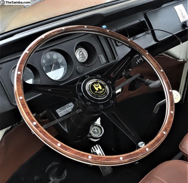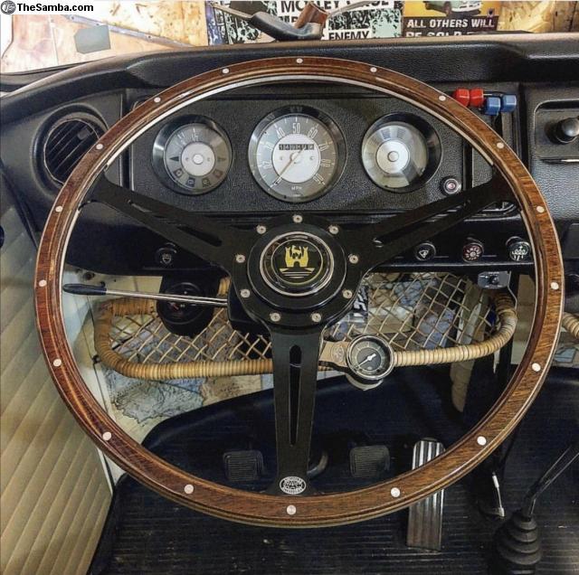 Black Wolfsburg steering wheels by AAC are the deluxe option that VW should have offered back in the day and look right at home against the dash in your bus.
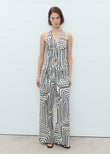 Black - White Striped Halter Top & Wide - Leg Pants Set
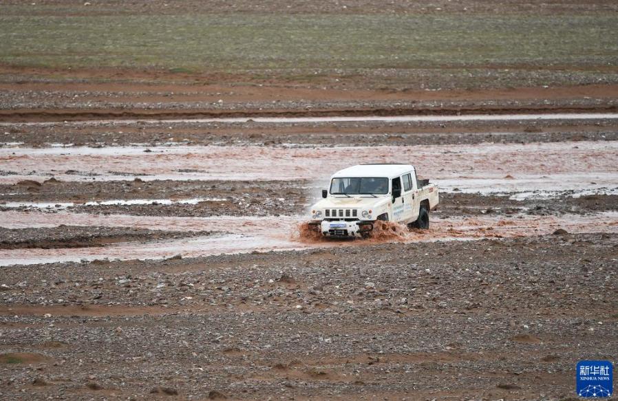 巡山隊員在可可西里地區(qū)駕車巡山(2020年7月8日攝)。
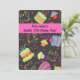 Diese Einladung ist ideal für eine lustige 50. Geburtstagsfeier oder ein anderes Jahr. Alle Wörter sind einfach zu anpassen, um es zu Ihrem eigenen zu machen. Eine Seite der Einladung hat ein Design von bunten Original-Kunst von zufälligen Geburtstagskuchen und Kuchen, das Wort "glücklicher Geburtstag", Ballons, Kerzen, Bänder und Punkte auf einem schwarzen Hintergrund. Ein fuchsienheiß rosa Streifen hat die anpassbaren Worte "Du bist eingeladen", einen personalisierten Namen und "50. Geburtstagsparty". Die andere Seite hat alle Felder für Ihr Party. Die Grenze ist die gleiche Kunst mit einem heißen rosa umrissenen schwarzen Bereich für alle Informationen, um Ihre eigene Einladung anpassen. Einfach für andere Ereignisse anpassen.
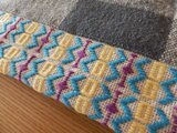あざやかな色の糸を使っていますが、グレーの大きなチェックの
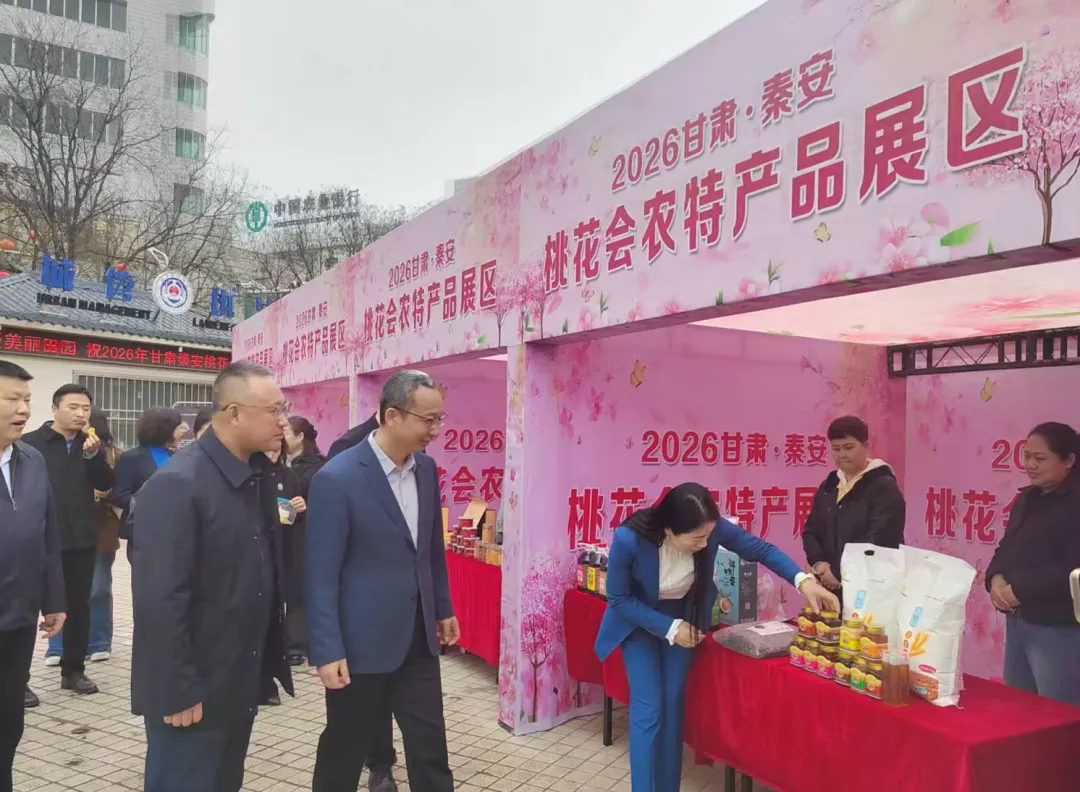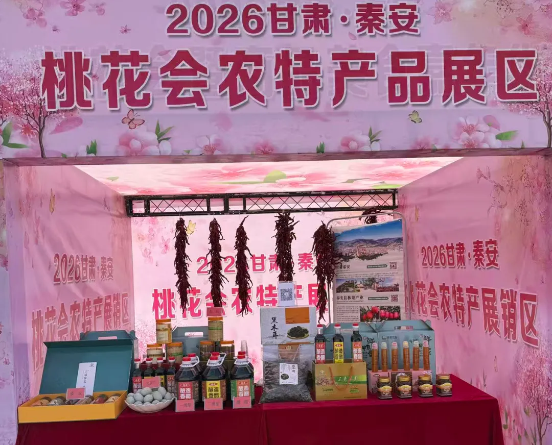 春风送暖,桃韵秦安!2026甘肃·秦安桃花会正在火热举办中,为抢抓节会流量机遇,助力秦安农特产品走出田间、走向大众,我公司受县农业农村局、商务局的邀请参加秦安文化广场农特产品展销会,以优质产品、精心布置,为桃花会增添浓郁商贸活力,搭建起秦安农产与市民游客的“连心桥”。
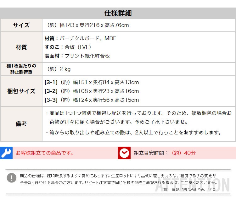 ・梱包サイズ:(3-1)(約)幅151x奥行84x高さ13cm
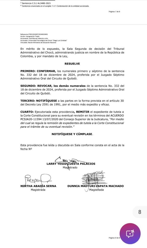 El expediente será remitido a la Corte Constitucional para su eventual revisión, en cumplimiento de los procedimientos establecidos. Mientras tanto, la comunidad académica de la UTCH espera que las autoridades competentes encuentren una solución pronta y efectiva que permita la reanudación de las actividades académicas y garantice el pago oportuno de los salarios de los docentes y trabajadores.
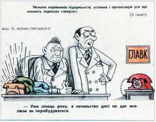 Текст до карикатури: «Усі ми знаємо, скільки шкоди завдають численні обмеження та інструкції. Це “продукція” людей, які, подібно до одного літературного персонажа, кожного ранку “ходять у посаду”, а прискорення розуміють, як механічне пришвидшення колообігу паперів (з виступу на XXVIІ з’їзді КПРС)»
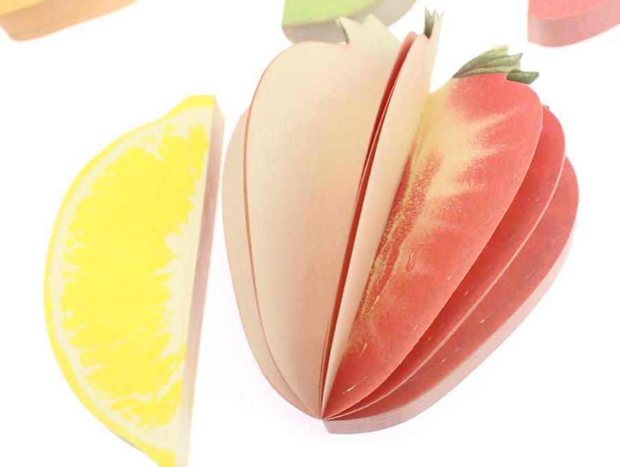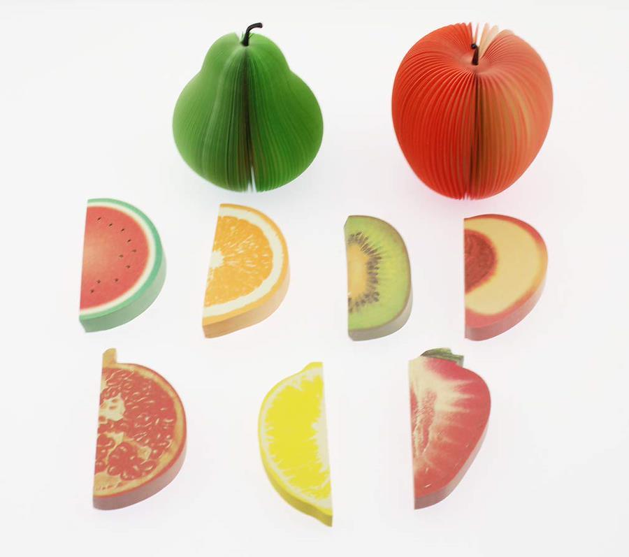 手の平に収まるぽっこりしたフォルムが可愛い、フルーツ立体型のメモ帳9種類セットです。
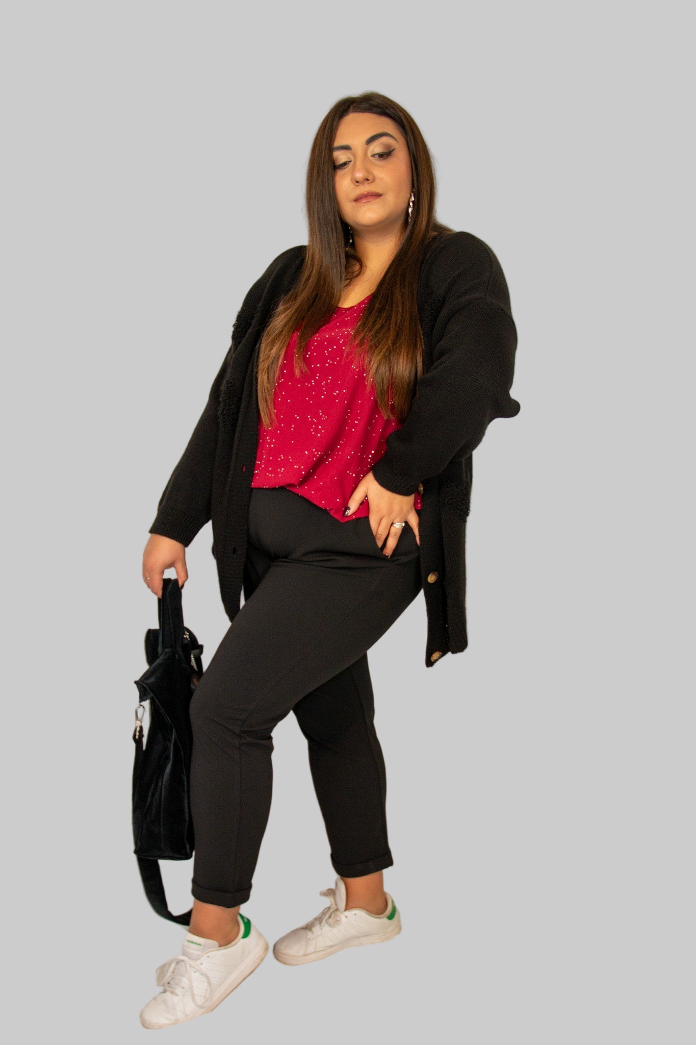 La giacca maglione Amour, arricchita da cuori tono su tono e bottoni frontali, è un capo romantico e originale che unisce la comodità di un cardigan alla raffinatezza dei dettagli. I cuoricini tono su tono conferiscono un tocco femminile e delicato, mentre i bottoni frontali consentono di indossarla aperta o chiusa, adattandola facilmente a outfit curvy casual o più ricercati. Perfetta per la moda curvy e le taglie forti, questa giacca valorizza ogni silhouette con stile e dolcezza. La modella è alta 1,72 m.
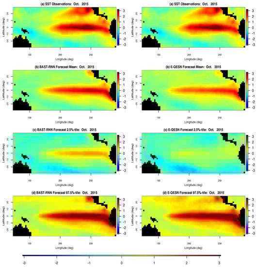 Comparison of the forecasting ability of the BAST-RNN model and the E-QESN model for the entire spatial domain can be seen in Figure 2 for October 2015. Occurring directly before the peak of the 2015–2016 ENSO cycle (see Figure 3), October 2015 represents an important month from the most recent ENSO cycle. Overall, both methods capture much of the warm intensity trend, with the BAST-RNN model forecasting a slightly higher intensity (especially for the Niño 3.4 region) compared to the E-QESN method. Although both methods appear to produce P.I.s with similar upper bounds, the P.I’s for the BAST-RNN are narrower, suggesting the model is more confident in its prediction of a warm period. Importantly, the highest intensity true values from the Niño 3.4 region for October 2015 are contained within the 95% P.I.s for the BAST-RNN model.
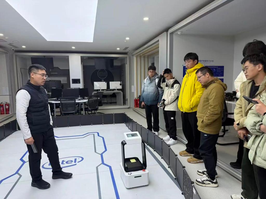 现场,师生们还体验了企业自主研发的 AI + 教学实验平台,通过硬件搭建与算法调试,完成了智能系统原型开发,实现了从理论知识到工程能力的转化。 随后在企业的AI实训基地,技术人员现场展示了自主移动机器人的动态避障功能。该机器人搭载Intel技术平台,并采用模块化硬件设计,使师生们能够直观地了解智能装备的技术架构和工程实现逻辑,为后续竞赛课题的硬件优化提供了实操参考,助力师生攻克竞赛技术难点。
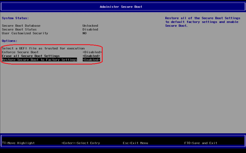 Erase all Secure Boot Settings and Restore Secure Boot to Factory Settings are now set to <Enabled>.
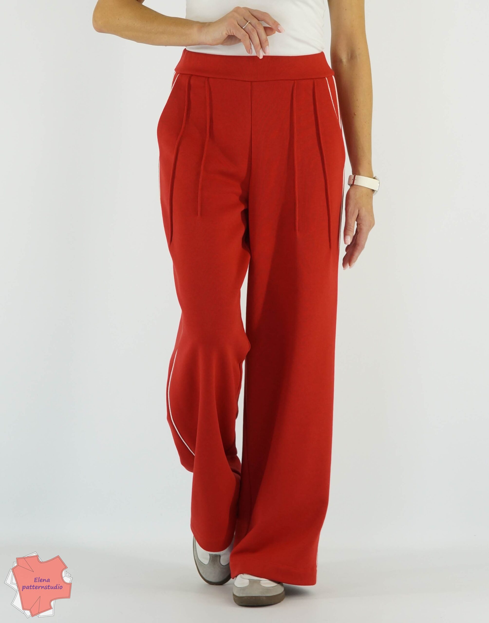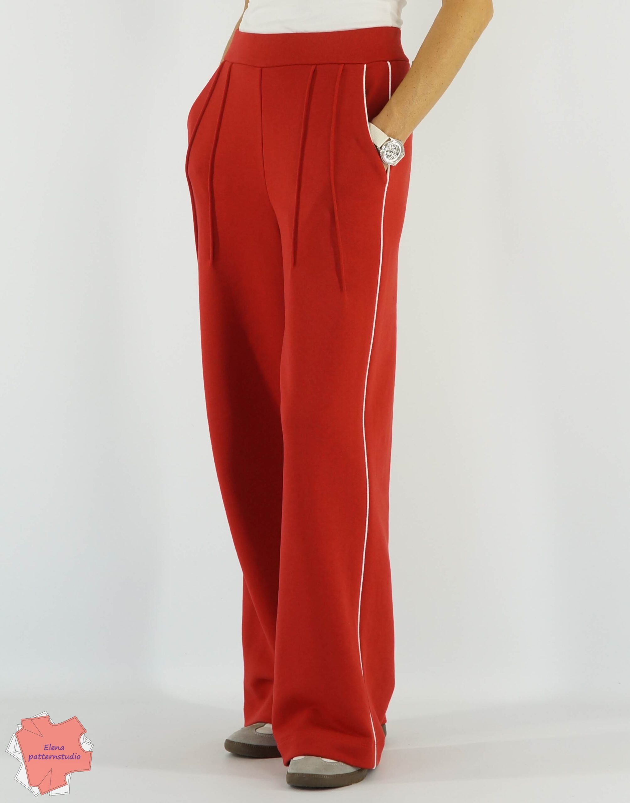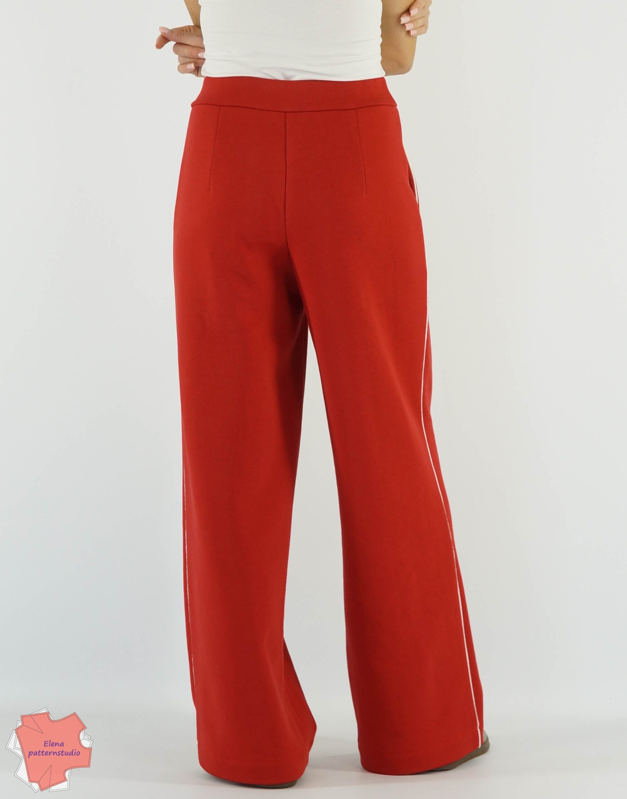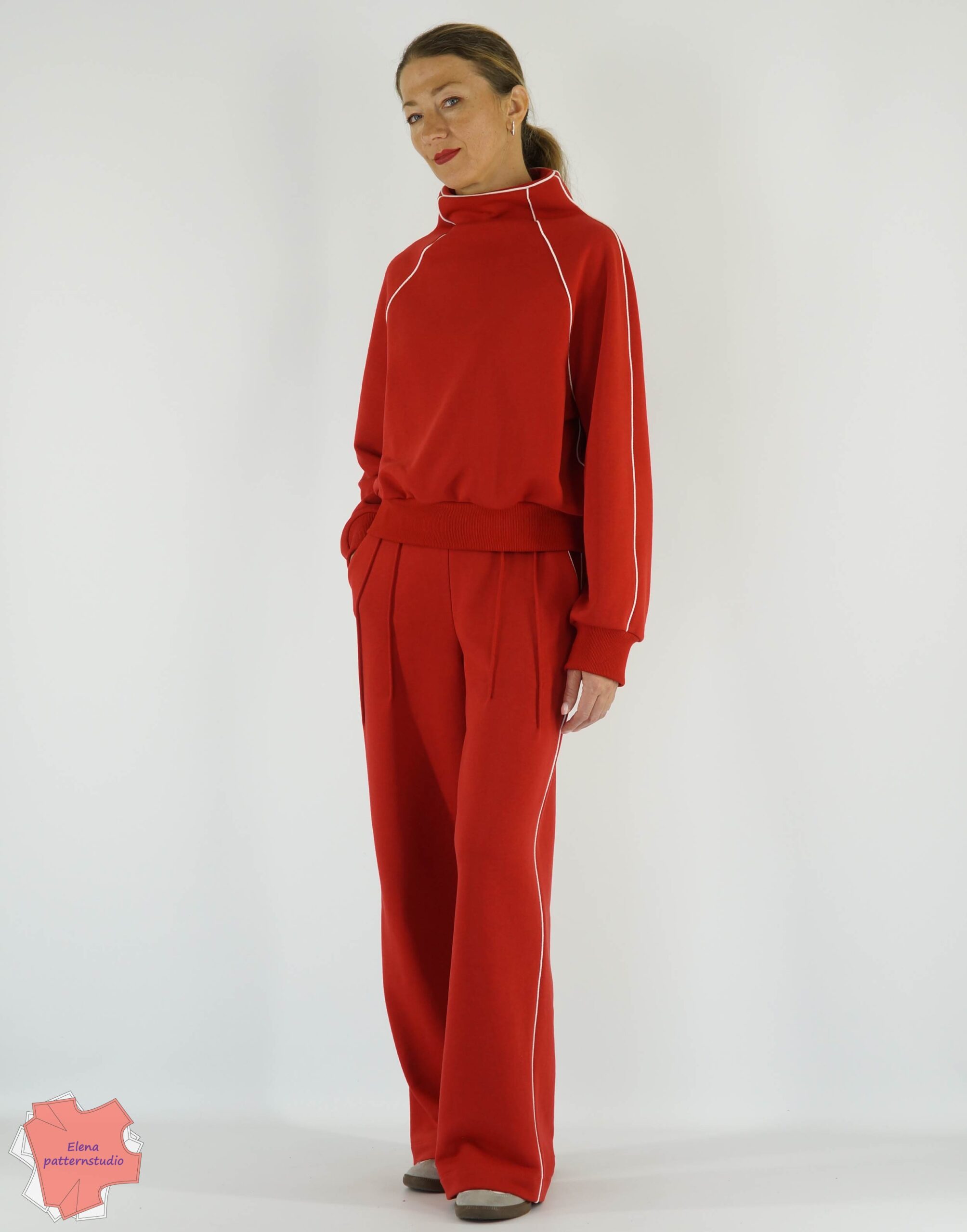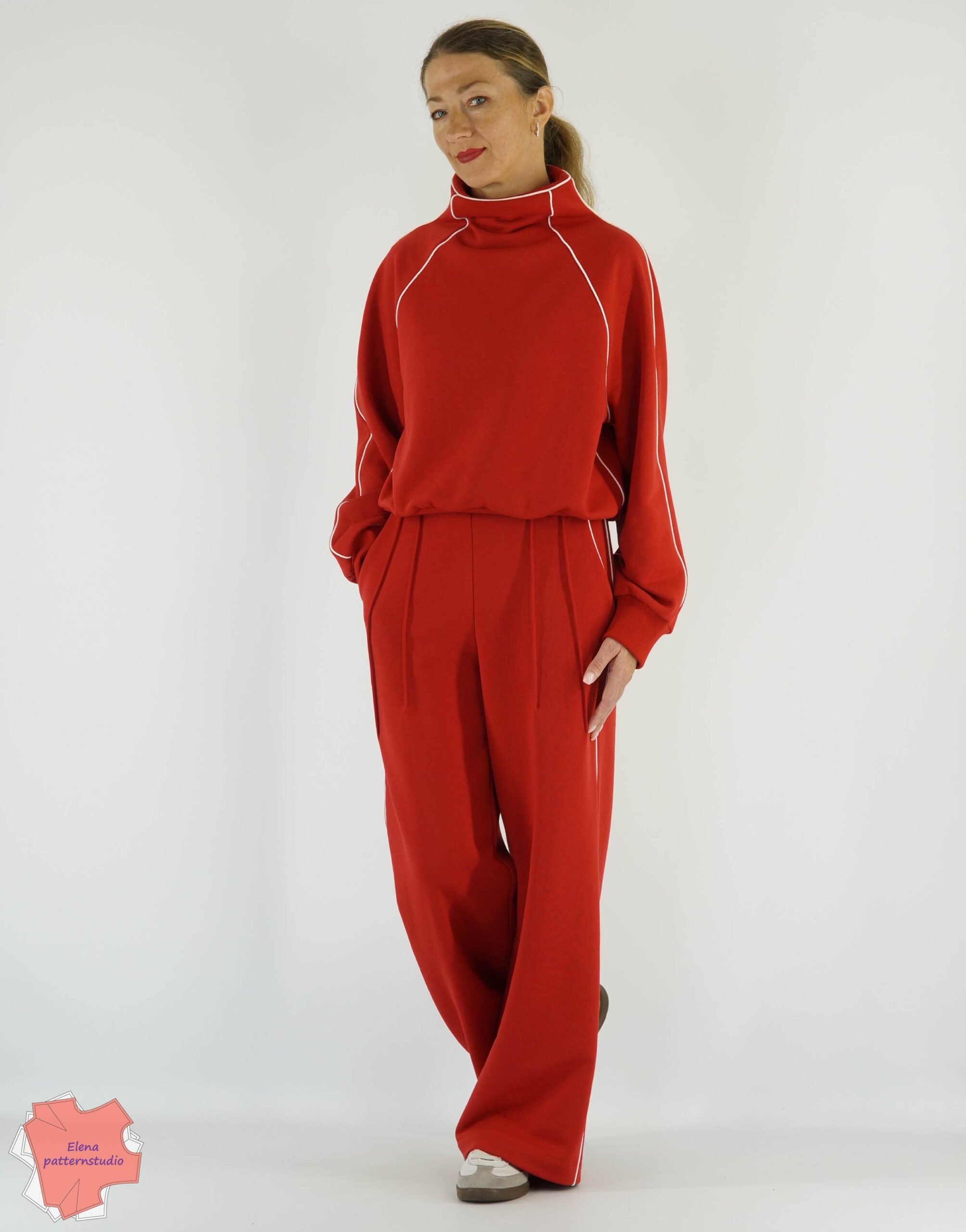 Брюки на фото Elenapatternstudio выполнены из петельного 3-х ниточного футера, состав: 65% хлопок, 35% полиэстер, плотность 320 г/м2.

= = = =

WHAT THIS TASK INVOLVES: Any pictures are to be skipped, and the lines from the beginning of the entries through the line with "巡山隊員在可可西里地區(qū)駕車巡山(2020年7月8日攝)。" copied exactly.

RESULT OF THIS TASK:
 Black Wolfsburg steering wheels by AAC are the deluxe option that VW should have offered back in the day and look right at home against the dash in your bus.
 Black - White Striped Halter Top & Wide - Leg Pants Set
 巡山隊員在可可西里地區(qū)駕車巡山(2020年7月8日攝)。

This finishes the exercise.